The “read number” may be influenced by a technical factor or an environmental factor.

The term “technical variation (TV)” or “technical factor” used herein refers to a factor that may occur during an experimental process, such as noise or bias due to RNA extraction, library production process, or the like.

The term “environmental variation (EV)” or “environmental factor” used herein refers to an external factor that is not inherited, such as sleep, nutrition, hydration, and other stresses.

The environmental variation may include mitochondrial transcription. The mitochondrial transcription may include a hyper-mitochondrial transcription in which mitochondrial transcription proceeds excessively.

In an embodiment, the method may further include an operation of providing RNA sequencing data.

“RNA sequencing (RNA-seq)” used herein refers to a process of deciphering the base sequence of the entire RNA expressed by analyzing a transcript by using NGS. The RNA-seq may measure a quantitative change in gene expression through a function of a gene, a mechanism of expression regulation, alternative splicing, and comparison between particular samples. The RNA-seq may be used for measurement of not only sequence information and expression levels, maintenance of directionality (sense or antisense), accurate analysis of 3’-untranslated region (UTR), accurate prediction of a genetic structure, discovery of a new gene, and discovery of a fusion gene, with respect to all types of RNA such as mRNA, long noncoding RNA (lncRNA), microRNA (miRNA), short interfering RNA (siRNA), and piwi-interacting RNA (piRNA).

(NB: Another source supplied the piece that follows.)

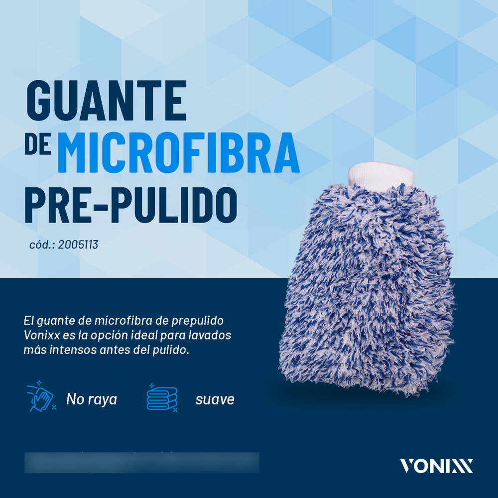 El guante de microfibra para prepulido Vonixx es la opción ideal para lavados más intensos antes del pulido. Su composición proporciona un lavado más profundo sin dañar la pintura del vehículo y sin rayones.

The RNA-seq data may be obtained from a public database, a biological sample, or the like, but is not limited thereto.

As used herein, the “biological sample” may be one or more selected from the group consisting of a tissue, a cell, blood, serum, plasma, saliva, cerebrospinal fluid, and feces and urine, but is not limited thereto. A tissue obtained from a region in which a disease occurs or is predicted to occur may be used.

As used herein, the term “next-generation sequencing (NGS)” refers to a high-speed analysis method of the base sequence of the genome and is characterized by processing a large number of DNA fragments in parallel unlike existing base sequence analysis methods. Tens of millions of DNA fragments may be sequenced at a time. An NGS platform includes single molecule real-time sequencing, pyrosequencing, Sanger sequencing, and the like. To perform NGS, a sequencing library needs to be produced, and the sequencing library may be produced in various methods. The sequencing library may generally be divided into a method of using a glass slide or a method of using metal beads, according to a method of immobilizing DNA that is intended to be sequenced. Subsequently, DNA fragments, which ligate an oligomer attached to a support, and a complementary adaptor, are hybridized. Subsequently, PCR reaction is performed by using the oligomer attached to the support as a primer.

As used herein, the term “normalization” refers to a process of organizing a data set to reduce redundancy and improve data integrity, including adding adjustments to align adjusted values or fit a particular distribution. The normalization may eliminate systemic variations, such as experimental conditions or variability in machine parameters, and enable unbiased comparison across samples. In general, methods based on fragments per kilobase of transcripts per million mapped reads (FPKM), reads per kilobase of transcript per million mapped reads (RPKM), transcripts per million (TPM), trimmed mean of M-value (TMM), and housekeeping genes may be used.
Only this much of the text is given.